Aaron Spolin, a Princeton-trained lawyer and former McKinsey consultant who signed up thousands of detained clients seeking release under new criminal justice reform laws, has been hit with a second round of charges by the State Bar of California last week.
The 18 counts filed Thursday follow an initial filing of disciplinary charges in August and provide more examples of how the bar claims Spolin and his Westside firm used deceptive marketing and outright lies. simple to convince desperate families to hire him.
One alleged violation involved a 2023 press release on Spolin’s website announcing that Gov. Gavin Newsom had commuted the sentence of one of his clients. In fact, the man told The Times last year that he made the switch on his own and that Spolin had done no work on it. At the time, Spolin’s company was urging families to pay more than $9,000 to obtain a commutation, a path that experts say has only a tiny chance of success.

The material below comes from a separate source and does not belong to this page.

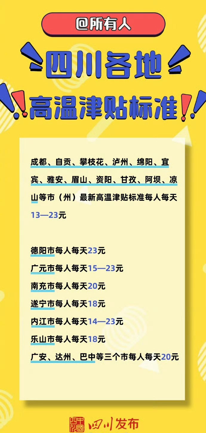 今年的“烧烤模式”已经开启,下月起,高温津贴也将正式进入发放期。四川各地高温津贴标准如下: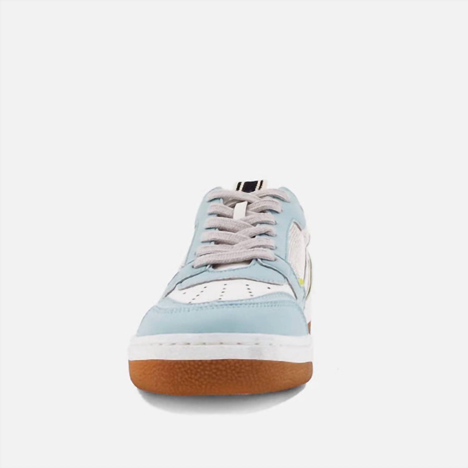 Cute, functional, and comfortable. These sneakers check all the boxes. Step into retro flair with the Women's Romi Sneakers by SHU SHOP, a bold addition to your streetwear collection. Featuring supple faux leather accented with colored suede and mesh uppers, these sneakers boast a round toe and platform heel for a comfortable yet stylish fit. Perfect for spring occasions like holiday parties, these aqua sneakers will keep you on-trend. Elevate your ensemble with these fashion-forward sneakers that capture the essence of '80s style.

In another case cited by the bar, a lawyer working for Spolin told a Los Angeles man, Wesner Charles Jr., who was serving a 27-year-to-life sentence for attempted carjacking and robbery, that a reform law could “bring him out”. in six to eight months.
Spolin charged the family $19,000 without informing them that Charles and others convicted of violent crimes did not qualify for consideration. The Los Angeles County district attorney’s office had written “no fewer than nine letters” to Spolin informing him that such cases “would not be pursued,” wrote Cindy Chan, a supervising attorney in the bar’s chief prosecutor’s office. .
Charles, who maintained his innocence, was later released with the help of another lawyer.
The rest of the new allegations involve three other incarcerated Los Angeles men whose families paid between $11,500 and $21,700 for unsuccessful legal services.
If convicted, Spolin, 39, faces penalties ranging from probation to disbarment by the state Supreme Court.
An attorney for Spolin, Erin Joyce, previously told the Times that her client “has fully cooperated with the state bar and will continue to cooperate.” He hopes to resolve this issue in the near future.
In a court filing last month, Joyce wrote that bar attorneys had informed her that “they intended to pursue a serial [Spolin]bringing several cases successively. She acknowledged that a criminal investigation was underway by the state attorney general into Spolin’s practices, but denied that he committed any crimes.
She wrote that “for more than a year,” Spolin “has refused paid representation” for the type of conviction cases for which the bar has faulted him and that “he has also changed or deleted advertising statements from his cabinet…”
Spolin worked for the Bronx district attorney’s office before moving to Los Angeles and starting a practice focused on representing inmates under a series of laws intended to reduce mass incarceration.
He told The Times last year that he used techniques he learned as a consultant at McKinsey to streamline his business. He ran his practice from a coworking space, used legal document templates, and paid lawyers from the Philippines and other developing countries at an hourly rate of about $10.